TASK TO CARRY OUT →
Please print, exactly, only the lines in the entries below from the line that has "Werkreihe - tergum" through the line that has "De to kildekar". Pictures don't go in.

Items listed in a dataset →
+++

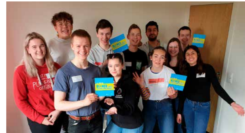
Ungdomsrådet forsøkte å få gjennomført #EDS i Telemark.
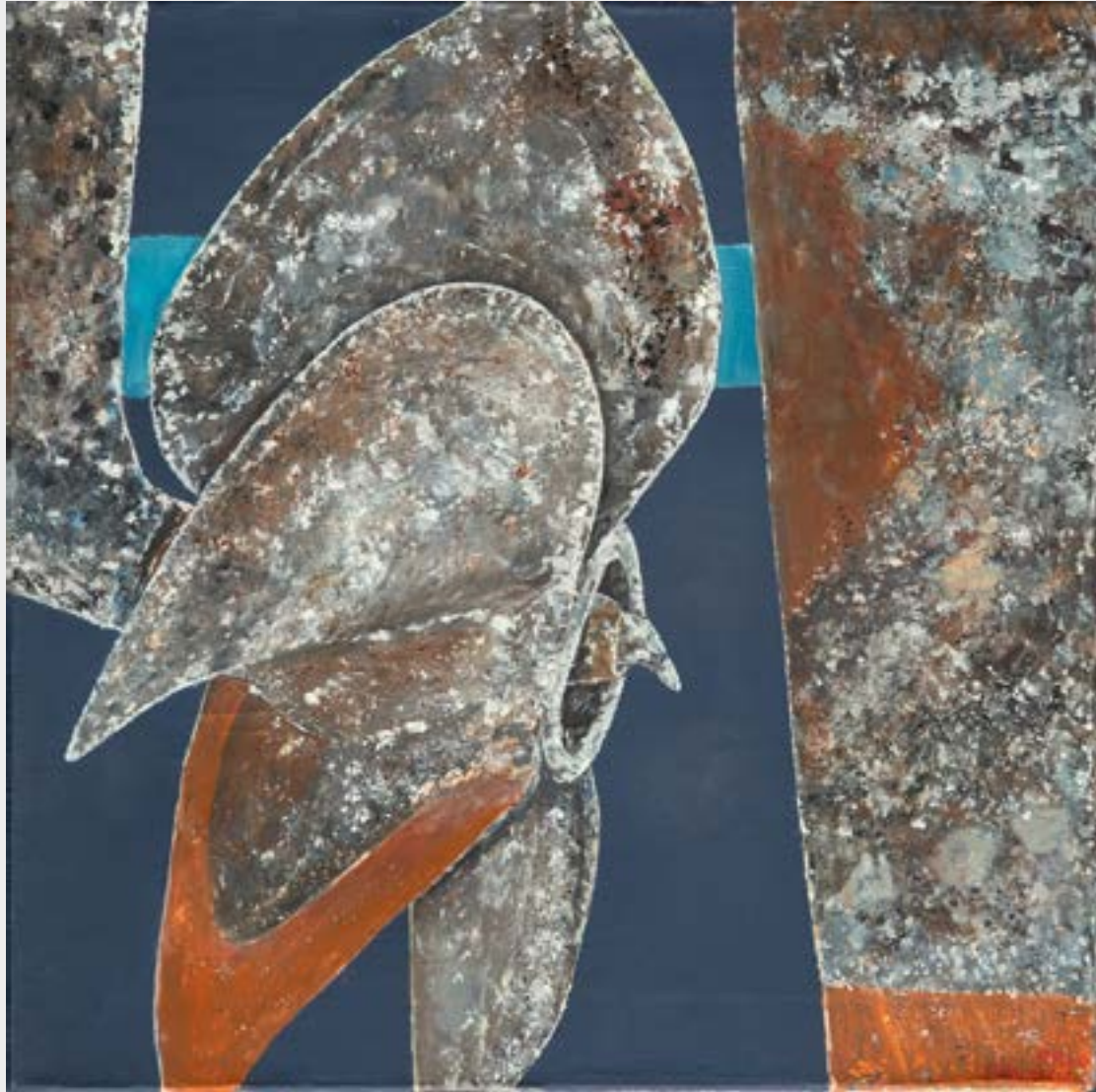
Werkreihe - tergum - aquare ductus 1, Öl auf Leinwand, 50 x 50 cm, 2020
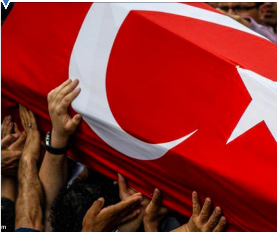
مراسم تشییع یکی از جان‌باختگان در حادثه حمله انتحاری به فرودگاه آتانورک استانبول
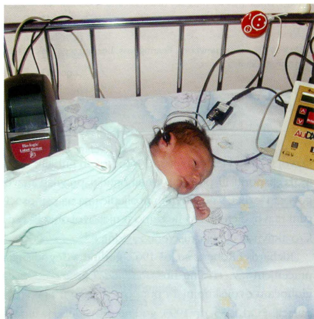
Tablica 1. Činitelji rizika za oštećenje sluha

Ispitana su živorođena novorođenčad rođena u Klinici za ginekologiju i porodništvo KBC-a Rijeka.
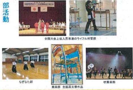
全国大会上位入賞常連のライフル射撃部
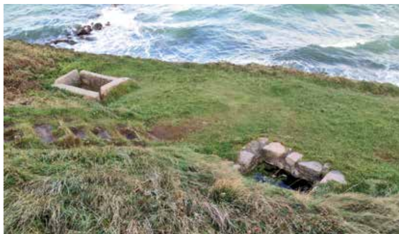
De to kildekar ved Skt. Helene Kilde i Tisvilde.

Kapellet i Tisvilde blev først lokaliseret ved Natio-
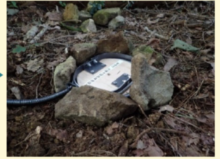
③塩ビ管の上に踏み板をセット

+++

PROBLEM SOLUTION →
Werkreihe - tergum - aquare ductus 1, Öl auf Leinwand, 50 x 50 cm, 2020
مراسم تشییع یکی از جان‌باختگان در حادثه حمله انتحاری به فرودگاه آتانورک استانبول
Tablica 1. Činitelji rizika za oštećenje sluha

Ispitana su živorođena novorođenčad rođena u Klinici za ginekologiju i porodništvo KBC-a Rijeka.
全国大会上位入賞常連のライフル射撃部
De to kildekar ved Skt. Helene Kilde i Tisvilde.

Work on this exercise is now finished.